The success of cardiovascular tissue engineering (TE) strategies largely depends on the mechanical environment in which cells develop a neotissue through growth and remodeling processes. This mechanical environment is defined by the local scaffold architecture to which cells adhere, that is, the microenvironment, and by external mechanical cues to which cells respond, that is, hemodynamic loading. The hemodynamic environment of early developing blood vessels consists of both shear stress (due to blood flow) and circumferential stretch (due to blood pressure). Experimental platforms that recapitulate this mechanical environment in a controlled and tunable manner are thus critical for investigating cardiovascular TE. In traditional perfusion bioreactors, however, shear stress and stretch are coupled, hampering a clear delineation of their effects on cell and tissue response. In this study, we uniquely designed a bioreactor that independently combines these two types of mechanical cues in eight parallel vascular grafts. The system is computationally and experimentally validated, through finite element analysis and culture of tissue constructs, respectively, to distinguish various levels of shear stress (up to 5 Pa) and cyclic stretch (up to 1.10). To illustrate the usefulness of the system, we investigated the relative contribution of cyclic stretch (1.05 at 0.5 Hz) and shear stress (1 Pa) to tissue development. Both types of hemodynamic loading contributed to cell alignment, but the contribution of shear stress overruled stretch-induced cell proliferation and matrix (i.e., collagen and glycosaminoglycan) production.

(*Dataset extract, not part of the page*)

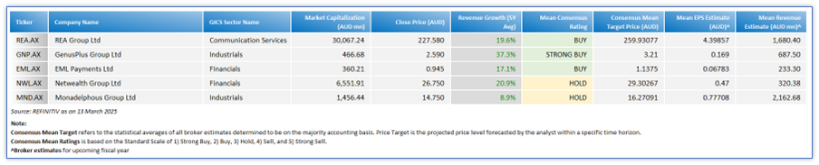 Section 3: Key Broker Consensus Data on Growth Stocks

At a macroscopic level, cyclic stretching led to the most linear stress-stretch response, which was not related to the presence of shear stress. In conclusion, we have developed a bioreactor that is particularly suited to further unravel the interplay between hemodynamics and in situ TE processes. Using the new system, this work highlights the importance of hemodynamic loading to the study of developing vascular tissues.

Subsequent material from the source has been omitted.